Israeli army kills two alleged Palestinian gunmen in West Bank

The Israeli military has shot and killed two Palestinians who allegedly opened fire at troops from their car in the northern West Bank, authorities said.

It is the latest incident in a wave of deadly violence gripping the occupied territory.

The Palestinian Health Ministry identified the two men killed in the West Bank village of Deir al Hatab on Tuesday as Saud Abdullah Saud and Mohammed Abu Dira.

The Israeli military said the men shot at an Israeli outpost near the settlement of Elon Moreh, south of the Palestinian city of Nablus.

Israeli soldiers on patrol opened fire, killing the two alleged gunmen.

Lucy Dee’s three remaining children, centre, follow their mother’s body to the cemetery in the West Bank Jewish settlement of Kfar Etzion on Tuesday
Lucy Dee’s three remaining children, centre, follow their mother’s body to the cemetery in the West Bank Jewish settlement of Kfar Etzion on Tuesday (Maya Alleruzzo/AP)

Israeli security forces said they were searching for other suspected assailants and found a pair of M-16 rifles and a pistol at the scene.

The local armed group of the Balata refugee camp, a militant stronghold near Nablus, identified the two men as militants, sharing photographs of them brandishing M-16s and posing together in the camp.

Saud had previously spent 15 years in Israeli prison, the group said.

“We fought as soldiers and we promise we will always be soldiers,” Saud told reporters after being freed from prison last spring in a video widely circulated online.

Tuesday’s deaths follow a week of unusually heightened violence in Israel and the West Bank, touched off by an Israeli police raid on Jerusalem’s most sensitive holy site, the compound home to the Al-Aqsa mosque.

Mourners carry the body of Lucy Dee
Mourners carry the body of Lucy Dee (Maya Alleruzzo/AP)

The mosque sits on a contested hilltop revered as the third-holiest site in Islam and the holiest site in Judaism.

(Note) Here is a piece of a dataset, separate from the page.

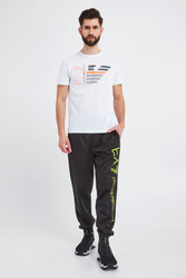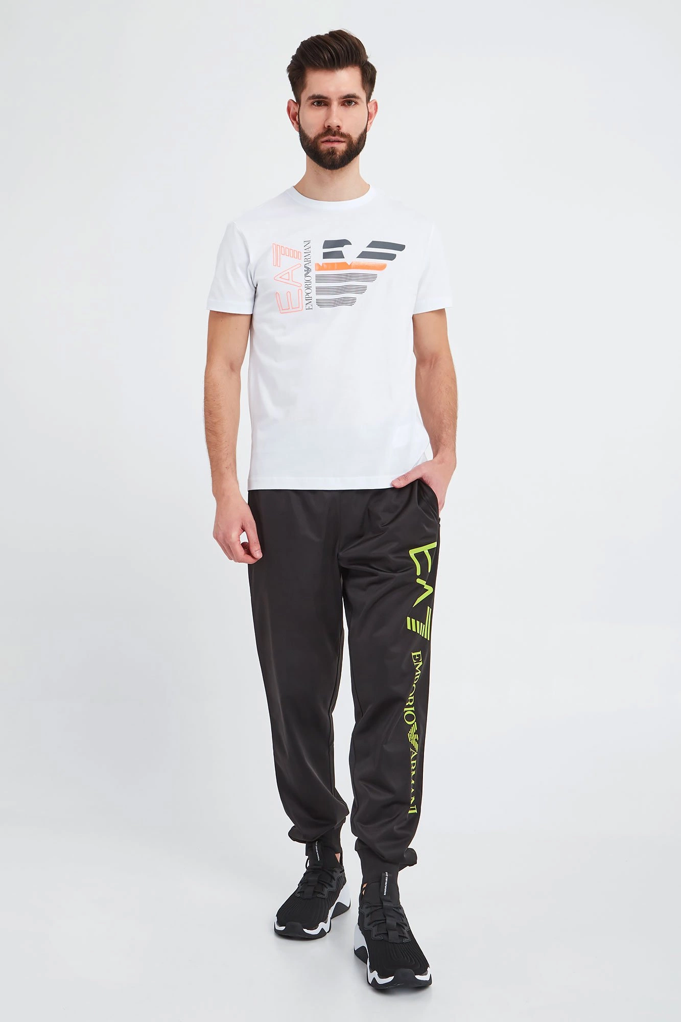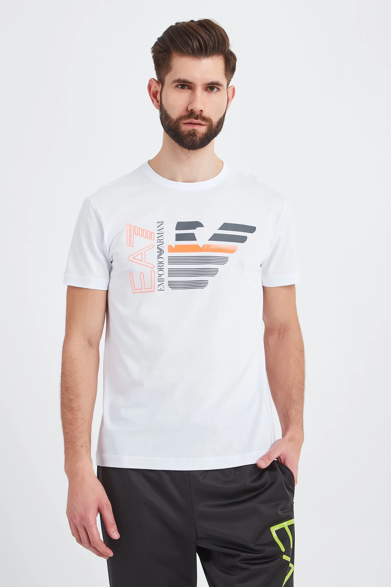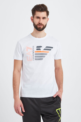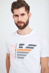Biały t-shirt marki EA7 Emporio Armani o lekko luźniejszym fasonie. Dekolt typu o-neck. Z przodu duży pomarańczowo-grafitowy nadruk nazwy i logo marki. Z tyłu logo marki w postaci pomarańczowego nadruku. Zdobienia tworzą oryginalny kontrast kolorystyczny. T-shirt wykonany z wysokiej jakości, miękkiej, bawełny.

Underscoring the situation in the West Bank, two British-Israeli sisters and their mother were killed when their car came under fire near a Jewish settlement in the West Bank last Friday.

The mother, Lucy Dee, succumbed to her wounds on Monday and was laid to rest in the settlement of Kfar Etzion south of Jerusalem on Tuesday.

Hundreds of mourners packed the funeral, singing and swaying as Lucy’s husband, Leo, and his three remaining children wept at the podium — their family of seven reduced to four.

“Lucy, I have a choice: I could lament over the next 25 years of marriage that I’ve lost, but I actually feel blessed to have had 25 years of a beautiful marriage with you,” Leo said, his voice cracking in anguish.

He added: “If we support the good and reject the evil, then we can all play our part in building a better world.”

Last week, in a separate incident, an Italian tourist was killed and five others were hurt when a Palestinian’s car careened onto a bike path near the beach in Tel Aviv in what authorities described as a suspected terrorist attack.

A mourner draped in the Israeli flag attends Lucy Dee's funeral
A mourner draped in the Israeli flag attends Lucy Dee’s funeral (Maya Alleruzzo/AP)

So far this year, 94 Palestinians have been killed by Israeli fire in the West Bank, according to a tally by the Associated Press, at least half of them affiliated with militant groups.

During that time, 19 people were killed in Palestinian attacks on Israelis.

With the country battling threats on multiple fronts, Mr Netanyahu on Monday reversed his decision to fire his defence minister, Yoav Gallant, who expressed opposition to the government’s divisive plans to weaken the judiciary last month.

Mr Gallant praised the Israeli military’s killing of the Palestinian gunmen on Tuesday.

In a step toward de-escalating the situation, Mr Netanyahu’s office said on Tuesday that authorities would ban Jewish visits to the sacred compound housing Al-Aqsa, known to Jews as the Temple Mount, for the remainder of the holy fasting month of Ramadan.

Mourners attend the funeral of two British-Israeli sisters, Maia and Rina Dee, on Sunday
Mourners attend the funeral of two British-Israeli sisters, Maia and Rina Dee, on Sunday (Ohad Zwigenberg/AP)

Jews are permitted to visit the compound, but not pray there, under longstanding agreements.

But such visits, which have grown in numbers in recent years, have stoked anger, particularly because some Jews are often seen quietly praying.

The rare convergence of the Jewish Passover festival and Ramadan brought scores of religious Jews to the site last week and fuelled tensions that spiralled into unrest in Jerusalem — and a regional confrontation.